В Англию «Викторию» сопровождала, с приспущенным флагом, шхуна «Пикл», чей капитан вез депешу Коллингвуда, извещающую о понесенной страной утрате и одержанной британским флотом победе. Вскоре после того, как депеша дошла до адмиралтейства, в Мертоне, предваряя сообщения газет, появился гонец с печальной новостью. Это был капитан Уитби, доставивший письмо от главного казначея флота сэра Эндрю Снейпа Хэмонда. Хозяйка в то время отдыхала. «Я послала узнать, кто приехал, — вспоминает леди Гамильтон. — Мне сказали: мистер Уитби из адмиралтейства.
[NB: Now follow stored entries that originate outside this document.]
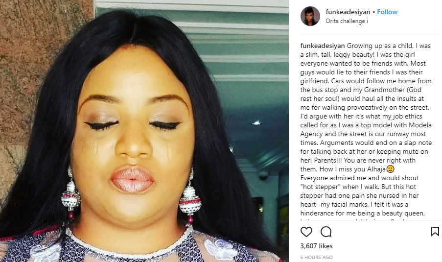 Nollywood actress, Funke Adesiyan has revealed how her tribal marks affected her self-esteem to the point that she failed several times in achieving her goals in life.
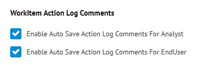 - New Feature (v10.5+): WorkItem Action Log Comment Auto Save (Requires the Auto Sve Action Log Comments Feature enabled in the Features settings)
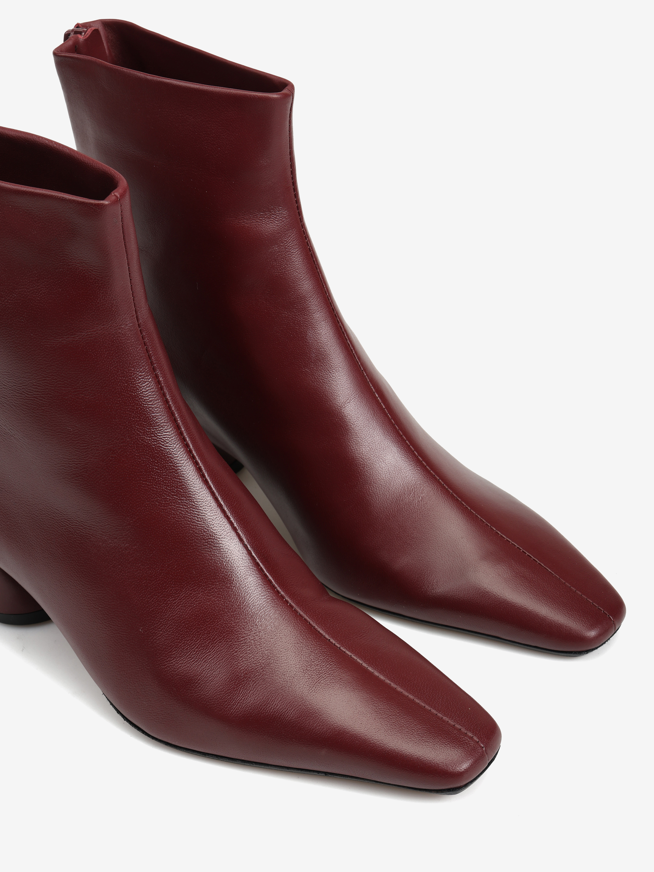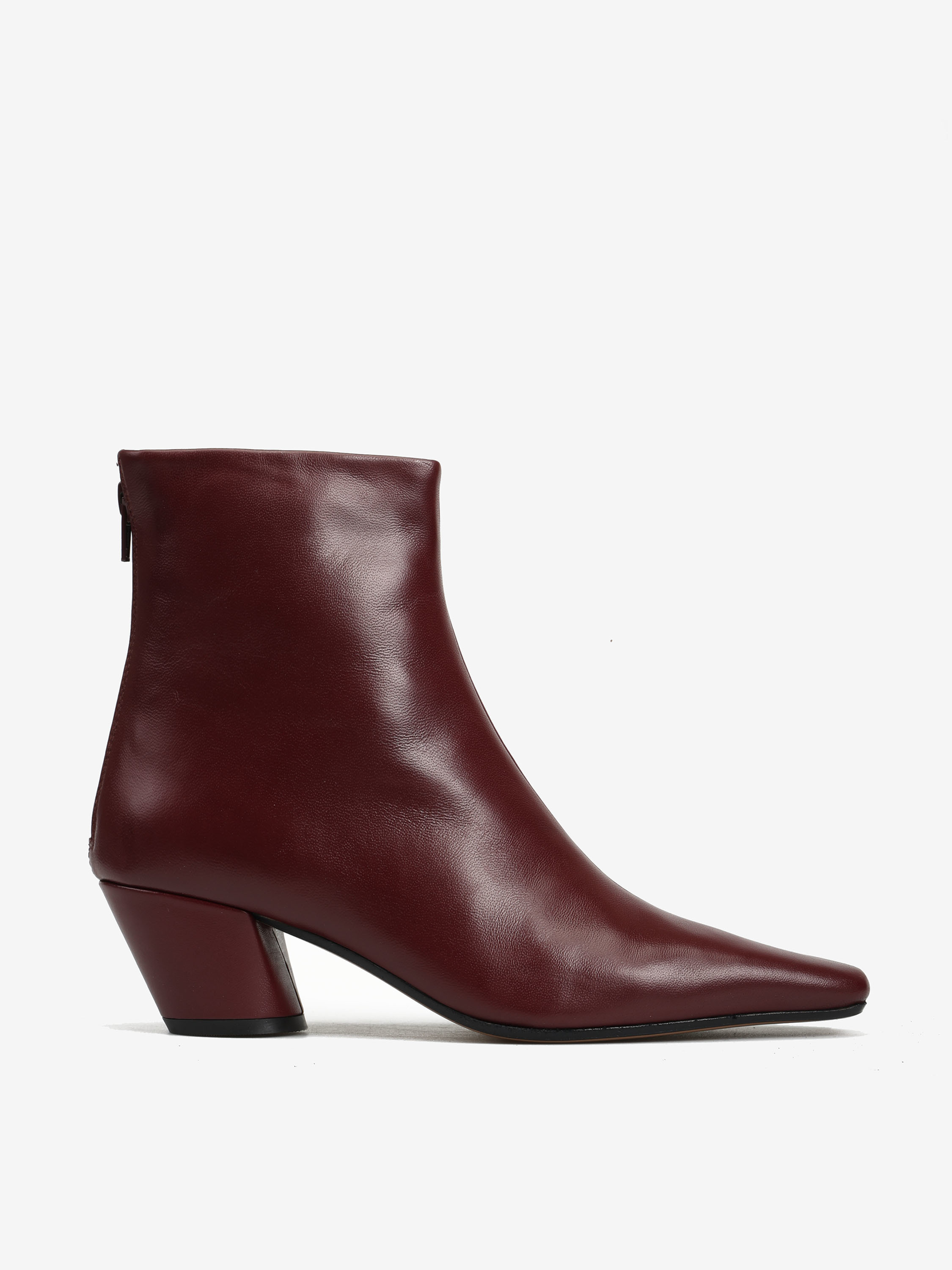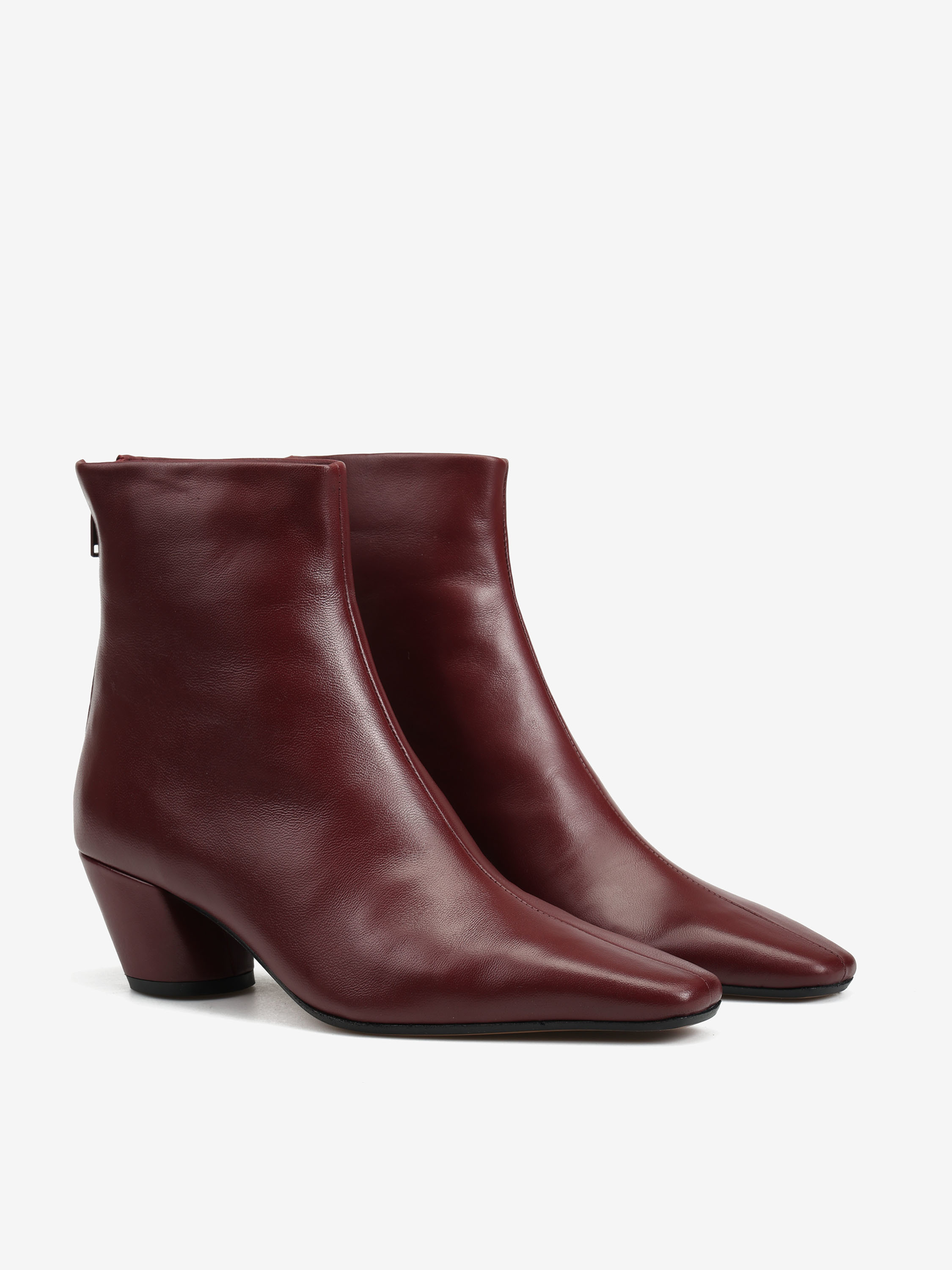Skórzane botki ze ściętym obcasem i zapięciem na suwak. Wydłużone, kwadratowe noski.
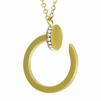 STAINLESS STEEL NECKLACEOPEN CIRCLE SHAPE WITH A DRUM LIKE END WITH CZ IN BLACK BACKGROUND IPG COLOR
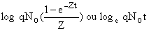 Si les logarithmes népériens des recaptures sont portés en fonction du rang de l'intervalle où elles ont été obtenues, le premier étant numéroté zero1 on obtient une droite de pente (-Zt) et d'ordonnée à l'origine égale à
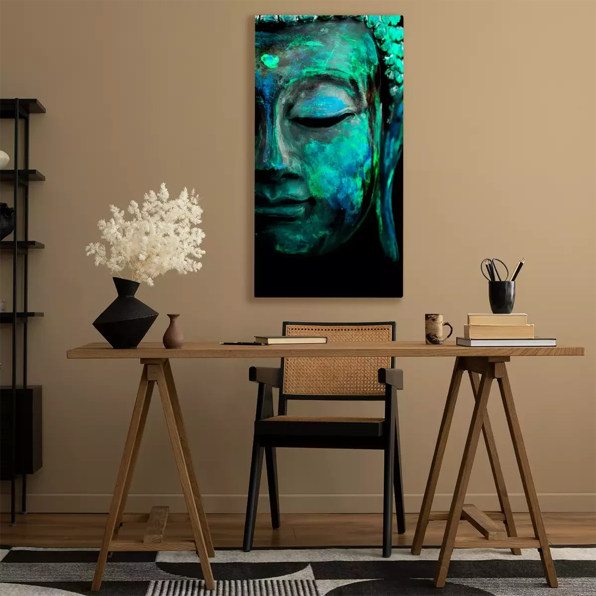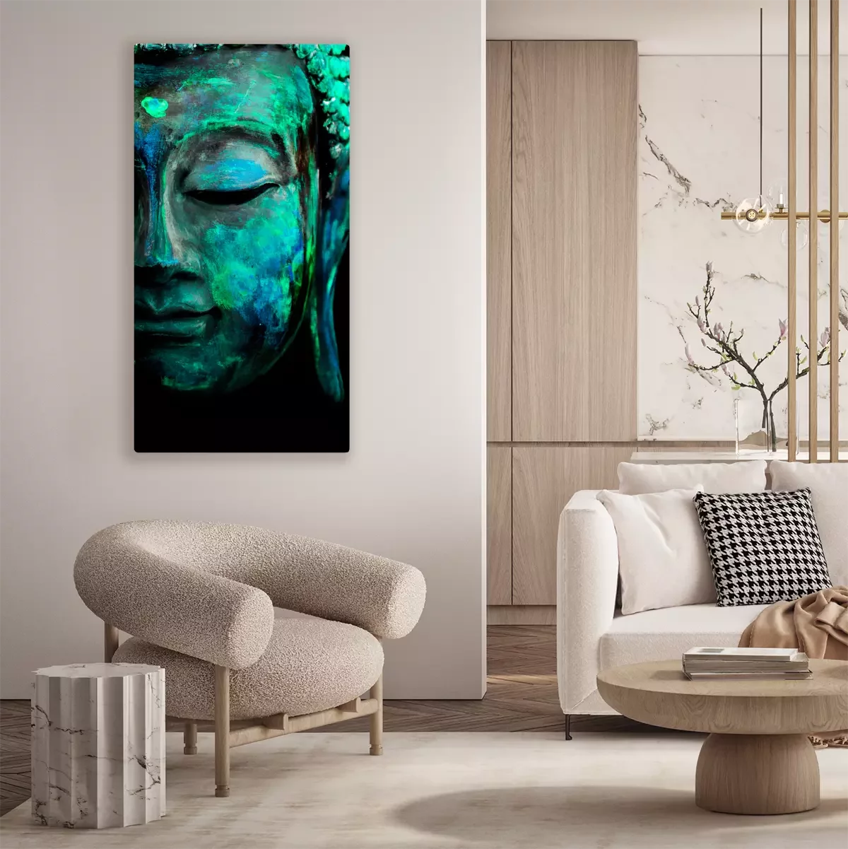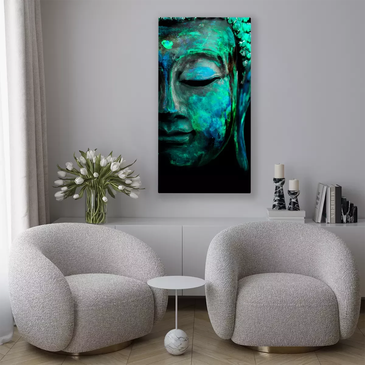 Demi-profil de bouddha bleu turquoise sur fond noir

Я велела немедленно провести его ко мне. Он вошел, бледный от волнения, и дрожащим голосом выговорил: «Мы одержали большую победу». — «Что мне ваша победа! — сказала я. — Письма, давайте мне мои письма». Капитан Уитби потерял дар речи, по смертельной бледности и покатившимся у него из глаз слезам я все поняла. По-моему, у меня вырвался дикий крик, я упала на подушки и часов десять не могла ни говорить, ни плакать».

Неделю спустя леди Гамильтон навестила в доме на Клар-джес-стрит леди Элизабет Фостер. Хозяйку она застала лежащей в постели. «Она выглядела совершенно потрясенной и все еще до конца не верящей в случившееся. «Что мне делать? Как жить теперь?» — вот первые ее слова. Потом она показала мне несколько писем, в беспорядке разбросанных по одеялу, — все они были от лорда Нельсона… Я спросила, как она узнала о несчастье. «Я приехала в Мертон, — заговорила хозяйка, — дом был не вполне убран, и, чувствуя некоторую слабость, я сказала, что полежу. Ко мне подсела миссис Болтон, и тут я вдруг произнесла: «По-моему, стреляют пушки Тауэра. Наверное, победу какую-нибудь празднуют, одержанную в германских землях, что ли» — «Вполне возможно, — откликнулась миссис Болтон. — В таком случае это в честь моего брата». — «Не может быть. Еще рано»».

вернуться

61

В январе 1807 года Эмма Гамильтон переслала локон «дорогих волос», помещенный в небольшой овальный медальон, капитану Джонасу Роузу, командовавшему тогда «Агамемноном». Подарок сопровождался письмом от «любящей и благодарной, но несчастной Эммы Гамильтон». И волосы, и письмо продали в 1988 году на аукционе в графстве Сомерсет (лот 296) за пять с половиной тысяч фунтов стерлингов.